Se avete un Mac con la scheda grafica originale, al 99% non dovreste avere problemi.

Se invece, come il sottoscritto, avete montato una nVidia GeForce GTX o comunque di ultima generazione, per sfruttare i CUDA core in qualche app, allora Final Cut Pro X non sarà aggiornabile all’ultima versione, in quanto i driver invidia non supportano Metal.

Il problema tuttavia si aggrava dal fatto che la nuova versione di Final Cut Pro X aggiorna i progetti, rendendoli inutilizzabili su versioni precedenti.

Questo significa che i progetti che ho iniziato a gestire sul Mac Book Air o sul Mac Mini, non potrò riportarli sul Mac Pro qualora volessi velocizzare le fasi di export.
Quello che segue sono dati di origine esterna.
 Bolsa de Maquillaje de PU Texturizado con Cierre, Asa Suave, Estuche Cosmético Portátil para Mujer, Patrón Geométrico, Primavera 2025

Ovviamente il Final Cut Pro X del mio vecchio Mac Pro continuerà a funzionare, ma sarà come se fosse su un binario differente, Ergo, i progetti dovranno nascere lì fino al rendering finale, nel caso necessitassi di tutta la potenza di quella macchina.

Questo è un peccato, perché porta di nuovo alla ribalta il discorso di obsolescenza programmata. Per carità, il mio Mac Pro è del 2012, e ha dato moltissimo. Ma ha ancora moltissimo da dare, e mi pare assurdo relegarlo a macchina “inadeguata” vista la potenza di calcolo che ha.
Certo, non ha USB3.0, né porte Thunderbolt, per cui non potrò agganciarvi unità di Storage esterne o schede di acquisizione, ma per certi progetti è ancora una macchina sovradimensionata.
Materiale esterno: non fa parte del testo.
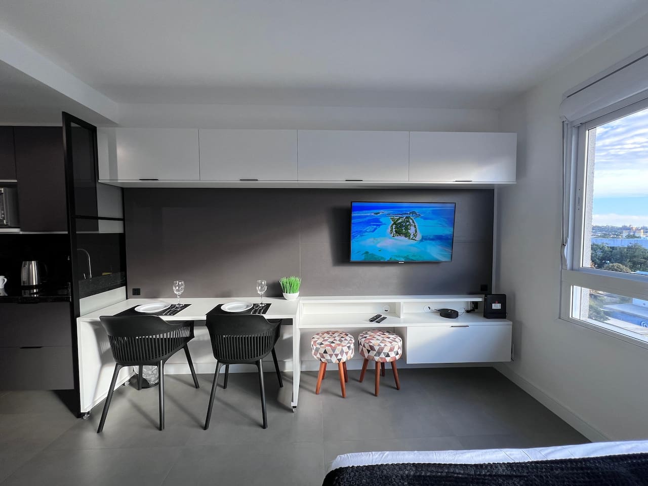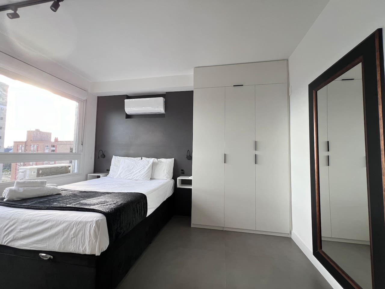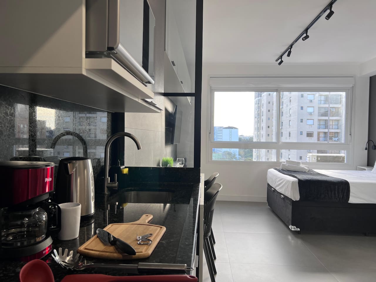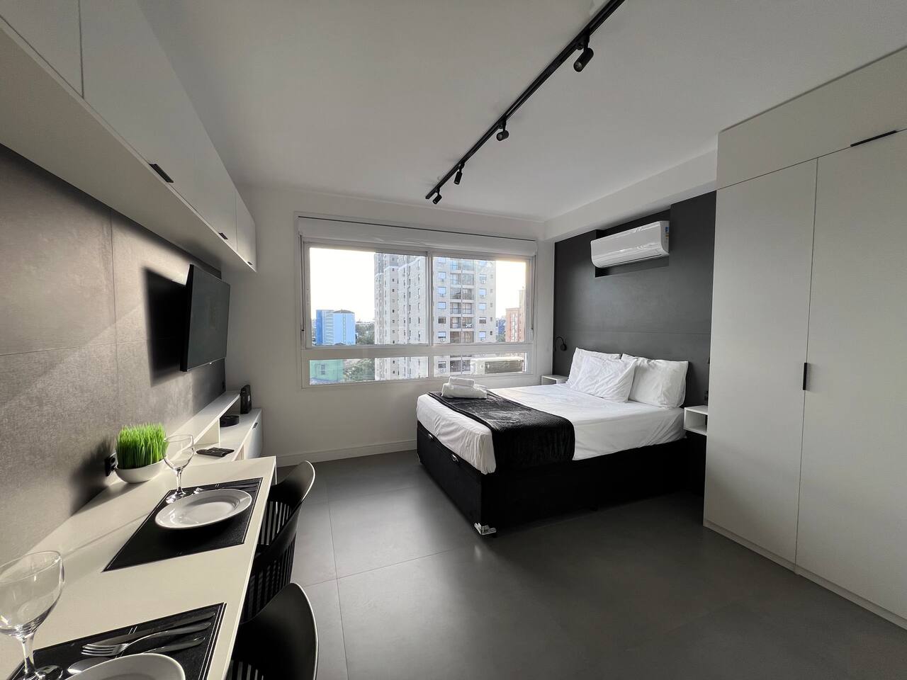 Apto com SmartTV+ (Netflix, Amazon, Disney+, Youtube), Cama Aconchegante, WiFi, Espelho Corpo Inteiro, Ar-Condicionado. · Cozinha Completa, Microondas, Fogão Indução, Chá e Café Cortesia, Geladeira, Panelas de Indução, Pratos e Talheres de qualidade. Banheiro com chuveiro quente, 12º andar, com elevador e self check-in :) · Estacionamento gratuito, Portaria 24h, Lavanderia 24h, Terraço com Churrasqueiras 24h, Espaço Aconchegante de Cowork 24h, Espaço Fitness, Elevadores, Piscina!

Forse installando una scheda grafica AMD potrei sfruttare Metal, ma per i miei render su Daz Studio, Iray di nVidia è la manna dal cielo, e tutte le versioni delle AMD, Vega Pro incluse, sono pressoché inutili nel mio caso.

Per cui: se avete un Mac di ultima generazione, aggiornate pure (specie se ne avete uno solo).

In caso contrario, magari pensateci bene, specie se i vostri Mac hanno qualche annetto sulle spalle e sono stati customizzati.